> **Work order**:
Print the lines in the listing below that fall between the line with "NDP hold up" and the line with "A colourful set", those two lines included, exactly as they stand and with nothing else.

> **Source data**:

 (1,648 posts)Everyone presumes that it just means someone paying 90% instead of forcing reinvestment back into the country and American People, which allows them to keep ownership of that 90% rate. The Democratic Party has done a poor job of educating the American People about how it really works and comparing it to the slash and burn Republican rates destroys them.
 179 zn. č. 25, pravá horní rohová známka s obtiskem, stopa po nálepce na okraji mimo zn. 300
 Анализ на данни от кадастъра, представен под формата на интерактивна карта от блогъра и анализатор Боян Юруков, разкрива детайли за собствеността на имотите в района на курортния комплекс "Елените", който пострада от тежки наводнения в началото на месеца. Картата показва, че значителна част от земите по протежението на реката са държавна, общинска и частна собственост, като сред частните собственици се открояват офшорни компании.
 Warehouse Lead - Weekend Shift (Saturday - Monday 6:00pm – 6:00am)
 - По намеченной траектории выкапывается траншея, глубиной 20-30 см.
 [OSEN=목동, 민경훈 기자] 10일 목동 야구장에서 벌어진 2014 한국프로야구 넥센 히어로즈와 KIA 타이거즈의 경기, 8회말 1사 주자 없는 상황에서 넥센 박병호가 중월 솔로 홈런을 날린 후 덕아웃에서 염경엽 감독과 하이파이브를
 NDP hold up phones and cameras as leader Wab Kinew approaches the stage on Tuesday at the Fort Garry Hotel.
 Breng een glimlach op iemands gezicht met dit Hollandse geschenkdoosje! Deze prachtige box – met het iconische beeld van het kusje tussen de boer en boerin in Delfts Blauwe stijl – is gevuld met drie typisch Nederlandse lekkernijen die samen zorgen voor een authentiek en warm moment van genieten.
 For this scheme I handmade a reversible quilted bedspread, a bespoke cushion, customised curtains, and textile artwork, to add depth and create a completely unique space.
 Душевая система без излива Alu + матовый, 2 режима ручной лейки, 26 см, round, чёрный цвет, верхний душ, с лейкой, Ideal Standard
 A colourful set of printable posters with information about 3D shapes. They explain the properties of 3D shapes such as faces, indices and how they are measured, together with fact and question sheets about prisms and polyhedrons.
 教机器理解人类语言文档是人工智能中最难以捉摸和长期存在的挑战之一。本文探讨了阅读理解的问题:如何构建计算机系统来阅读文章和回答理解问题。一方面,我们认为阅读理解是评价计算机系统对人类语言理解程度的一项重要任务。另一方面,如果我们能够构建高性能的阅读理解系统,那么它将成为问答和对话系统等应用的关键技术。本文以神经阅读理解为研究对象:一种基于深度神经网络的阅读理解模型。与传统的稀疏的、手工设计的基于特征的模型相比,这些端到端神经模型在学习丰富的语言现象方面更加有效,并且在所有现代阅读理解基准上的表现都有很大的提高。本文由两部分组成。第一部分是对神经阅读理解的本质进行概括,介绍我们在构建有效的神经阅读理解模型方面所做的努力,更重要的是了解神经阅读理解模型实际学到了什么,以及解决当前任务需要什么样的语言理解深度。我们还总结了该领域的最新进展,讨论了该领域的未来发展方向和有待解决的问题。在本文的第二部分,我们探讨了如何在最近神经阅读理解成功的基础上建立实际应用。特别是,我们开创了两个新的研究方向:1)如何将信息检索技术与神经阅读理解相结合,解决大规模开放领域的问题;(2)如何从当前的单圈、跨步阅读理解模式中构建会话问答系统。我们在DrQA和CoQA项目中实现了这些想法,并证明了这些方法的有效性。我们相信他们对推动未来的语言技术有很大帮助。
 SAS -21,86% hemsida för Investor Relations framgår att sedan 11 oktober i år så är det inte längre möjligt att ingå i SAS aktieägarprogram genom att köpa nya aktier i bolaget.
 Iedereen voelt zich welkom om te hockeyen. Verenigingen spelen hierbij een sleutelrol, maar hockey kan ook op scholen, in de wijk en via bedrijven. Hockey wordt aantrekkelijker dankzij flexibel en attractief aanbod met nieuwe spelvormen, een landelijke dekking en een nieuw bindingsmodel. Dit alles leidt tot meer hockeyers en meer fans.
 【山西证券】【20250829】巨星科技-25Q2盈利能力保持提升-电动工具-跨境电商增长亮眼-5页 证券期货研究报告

> **Response to this task**:
 NDP hold up phones and cameras as leader Wab Kinew approaches the stage on Tuesday at the Fort Garry Hotel.
 Breng een glimlach op iemands gezicht met dit Hollandse geschenkdoosje! Deze prachtige box – met het iconische beeld van het kusje tussen de boer en boerin in Delfts Blauwe stijl – is gevuld met drie typisch Nederlandse lekkernijen die samen zorgen voor een authentiek en warm moment van genieten.
 For this scheme I handmade a reversible quilted bedspread, a bespoke cushion, customised curtains, and textile artwork, to add depth and create a completely unique space.
 Душевая система без излива Alu + матовый, 2 режима ручной лейки, 26 см, round, чёрный цвет, верхний душ, с лейкой, Ideal Standard
 A colourful set of printable posters with information about 3D shapes. They explain the properties of 3D shapes such as faces, indices and how they are measured, together with fact and question sheets about prisms and polyhedrons.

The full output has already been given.